Positivi anche gli analisti finanziari come riportato dalla tabella (aggiornata 2 agosto 2021). Netta la prevalenza di buy per tutti e tre i titoli, con upside positivi (rispetto ai prezzi attuali) per Nio e Volkswagen, mentre per Tesla di fatto il mercato ritiene il titolo leggermente caro.




Per quanto riguarda il basket, questo presenta una bassa correlazione, soprattutto per la presenza di Volkswagen che non segue la performance degli altri due componenti. Molto alta la volatilità implicita soprattutto di Tesla e Nio. La combinazione tra correlazione bassa dei sottostanti e volatilità elevata rende più aggressivo il basket e permette all’emittente una struttura più remunerativa: come sempre rischio e rendimento sono due facce della stessa medaglia. Analizziamo allora il certificato nel dettaglio.


Sei premi fissi e livello barriera al 60%


Il certificato Memory Cash Collect ISIN NLBNPIT13D89 su Tesla, Nio e Volkwagen paga premi mensili da 1,75 euro (rendimento cedolare annuo di 21 euro a certificato) così strutturati. I primi 6 premi, pagati dal certificato da agosto 2021 a febbraio 2022, sono incondizionati, dunque saranno pagati indipendentemente dal comportamento dei tre sottostanti. Non solo, dal sesto mese, febbraio 2022, il certificato potrà anche scadere anticipatamente se i tre sottostanti prezzeranno al di sopra del loro livello strike. In tal caso, l’investitore prenderà il premio incondizionato più il capitale investito. In alternativa, il certificato non scade e paga comunque il premio. A partire dal settimo mese oltre alla possibilità di rimborso anticipato si attiva anche l’effetto memoria poiché i premi non saranno più fissi ma condizionati al livello del peggiore dei tre titoli (Worst Of) rispetto al rispettivo livello barriera, che ricordiamo per questa emissione essere al 60% dello strike. A scadenza (30 luglio 2024), se il certificato non è scaduto anticipatamente, sono due gli scenari possibili. Se la quotazione di tutte le azioni che compongono il paniere è pari o superiore al livello barriera, il prodotto rimborsa il valore nominale (100 euro a certificato) più il premio mensile con effetto memoria.
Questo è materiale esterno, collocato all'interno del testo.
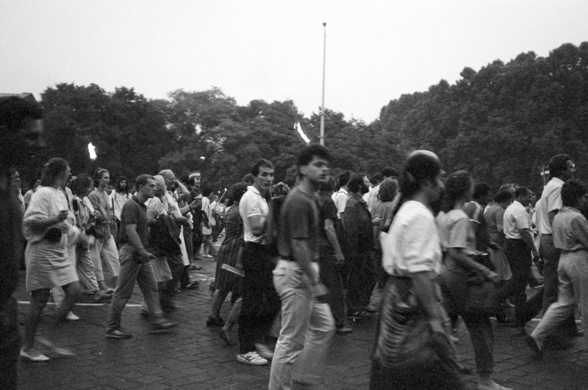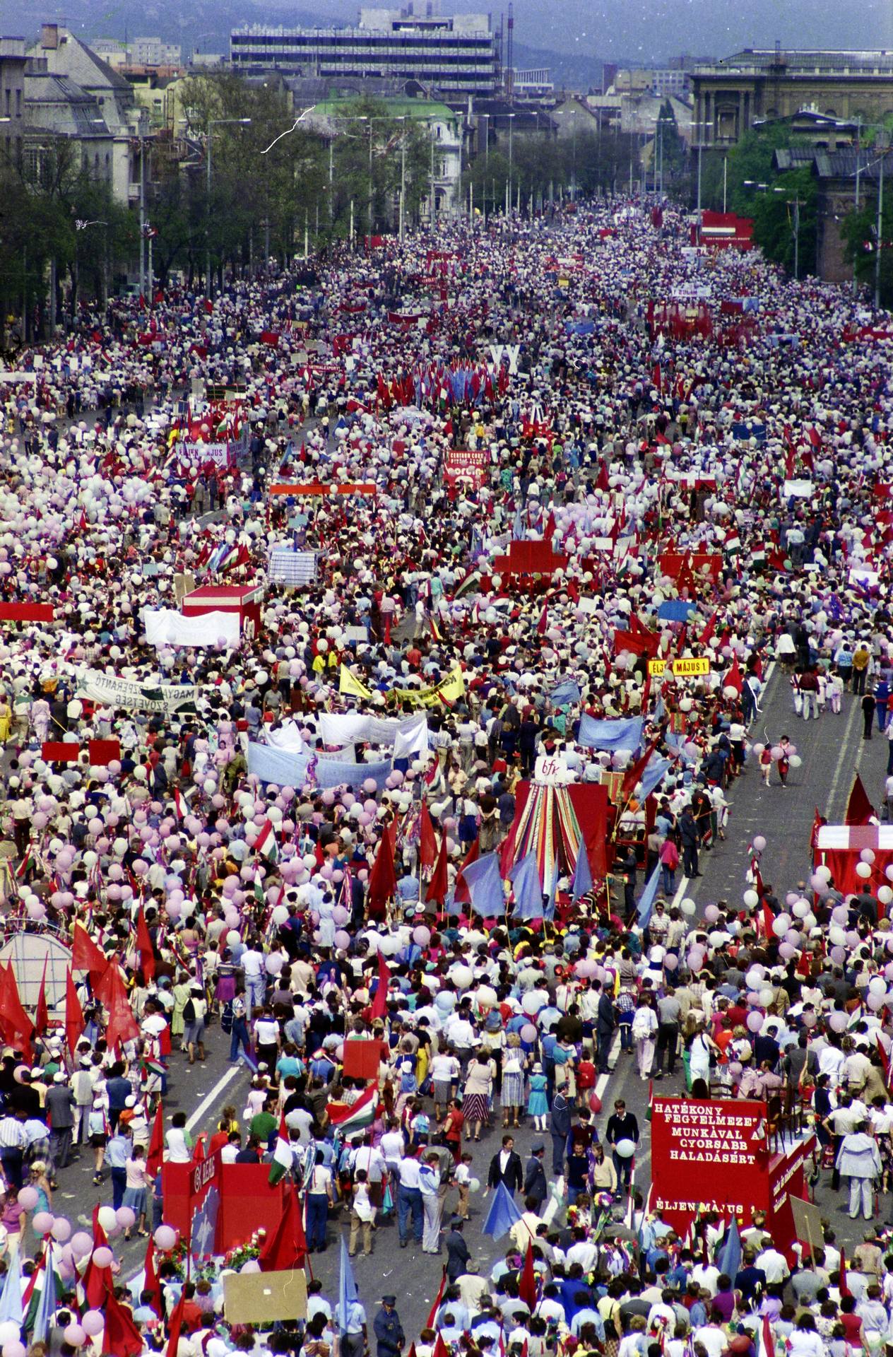 Magyarországon a felvonulások évtizedes, a dísztribünről vezényelt fegyelmezett koreográfiája néhány hónap alatt radikálisan megváltozott: a tér, amely évtizedekig a hatalom előtt való hódolat helyszíne volt, hirtelen a valódi közösségi gyász és követelés színterévé vált. A romániai falurombolás elleni tiltakozáson a tömeg már nem a párt jelszavait skandálta. Igazán más volt fáklyával menni, mint előtte nyuszis lufival ugyanott a majálison – majd pedig Nagy Imre újratemetése már a rendszerváltás szimbolikus pillanata volt, ahol a Hősök tere hat ravatalával és a gyászoló százezrekkel végleg lemosta magáról az április 4-i díszszemlék kényszerű emlékét. Mindenki abban bízott, hogy a Hősök tere végleg visszanyerte méltóságát, és a magyar politika ütemét többé nem távoli birodalmi központokban határozzák meg.

Se la quotazione di almeno una delle azioni che compongono il paniere è inferiore al livello barriera, il certificato paga un importo commisurato alla performance della peggiore tra le azioni che compongono il paniere (con conseguente perdita, parziale o totale, del capitale investito). A tal riguardo però bisogna ricordare che i primi 6 premi, per un totale di 10,5 euro, rappresentano una sorte di cuscinetto certo in caso di payoff negativo a scadenza (a cui ovviamente possiamo sommare gli eventuali altri premi condizionati pagati durante la vita del certificato).